My probe & magnetic guages are about 6" apart, and the probe reads at least 100f higher.


----------



## flyingcow (Oct 18, 2012)

Your probe thermometer should read higher than the magnetic and IR thermometer, shouldn't it?


----------



## maple1 (Oct 18, 2012)

flyingcow said:


> Your probe thermometer should read higher than the magnetic and IR thermometer, shouldn't it?


 
That's also what I was thinking.


----------



## BoilerMan (Oct 18, 2012)

Ok, so I just got home from work, got out the ladder, climbed up to the chimney cap...... If someone was trying to play a joke on me by spray painting the flue gloss black I'd believe them. I brushed it clean this spring and now it has the tell-tale glazed creosote gloss black. I'm not getting gasification, or at least not for long. I run the boiler "flat out" and I simply am not getting gasification all the time. Buyers remorse or at lest brand remorse, as no one else seems to have an Attack on here. I looks like a well made and quite simmilar to everyone else's Eartern Euro boiler. I'm going to just burn my EPA stove for awhile, until I get this figured out.  I'm not going to glaze up my chimney any more.  The old smoke dragon had high enough flue temps that I NEVER had buildup of any type in the flue.  I check and clean from the top.

TS


----------



## goosegunner (Oct 18, 2012)

Maybe I have missed it but what is the moisture content of your wood?

Wet wood effectively kills your gasification flame.  Do you have smoke?

gg


----------



## flyingcow (Oct 18, 2012)

http://www.condar.com/probe_meters_dir4use_woodstoves.html

this is the stack temp probe I use,and i think quite a few others here do too.


----------



## maple1 (Oct 18, 2012)

Taylor, consider these:

-Have you checked your chimney draft with a manometer? If below spec, it may play a part.

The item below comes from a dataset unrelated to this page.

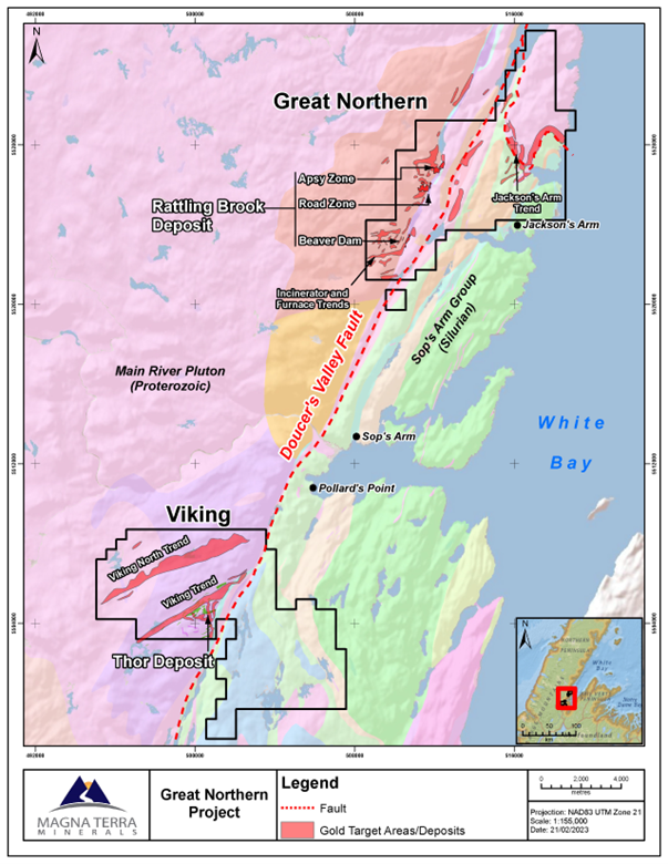 The Projects are centered along a 30-kilometre section of the Doucers Valley Fault, a significant geological control on, and host to, several gold deposits and untested prospects, including the Rattling Brook and Thor Deposits plus the Incinerator, Furnace, Jacksons Arm, Viking, Kramer, Viking North, and Little Davis Pond mineralized trends. This proven gold environment with existing Mineral Resources and numerous untested gold trends occurs over a cumulative 30+ kilometre strike length. Gold mineralization is hosted within a variety of rock types that include Precambrian or Ordovician granites as well as younger volcanic and sedimentary rocks, typically along splays off the Doucers Valley Fault. This is a similar geological/structural environment to Calibre Mining Corporation's (formerly Marathon Goldold Corp.) Valentine Gold Project. Alteration consists of mesothermal style quartz ± iron carbonate ± sulfide veins and stockworks with 2 to 5% total sulfides consisting of pyrite, galena, chalcopyrite, or sphalerite. These mineralized veins locally show trace amounts of visible gold.

-Does the temp probe serve any other function than to give a temp readout? I have a feeling it is reading low - but thinking beyond that, if it was low and was serving another function, I would think you would be having the opposite problem - too hot.

-If I were you, the next thing I would try right now is pulling your turbs out (or some of them) & burning like that. Free & easy (relatively). If your draft is on the low side, the turbs would compound the problem. If pulling the turbs for a burn makes no difference at all, well, I guess you could call me truly stumped - assuming the unit is otherwise functioning correctly. No squirrels nests or packing peanuts in that thing is there?


----------



## BoilerMan (Oct 18, 2012)

Well my thoughts are the same Maple, pull the turbs out. This boiler has a suction (exhaust) fan, not forced draft like most others on here. I know yours is a nat draft unit and needs draft to function. I had a nat draft wood boiler in it's place with everything exactly the same with no problems at all. No somke when openingthe door either (unlike this one). That was one of the deciding factors on which boiler to buy. I liked the idea that if a door gasket was leaking it would not stink up the house.

I'm taking the whole air setup apart to see if there are any obstructions in there. Come to think of it, there was a mouse nest in the fiberglass insulation when I brought it home. Before I bought it, it was in a garage all last winter, but was new never fired. I hope there is something stuck in the air passages, then it'll be home free after that.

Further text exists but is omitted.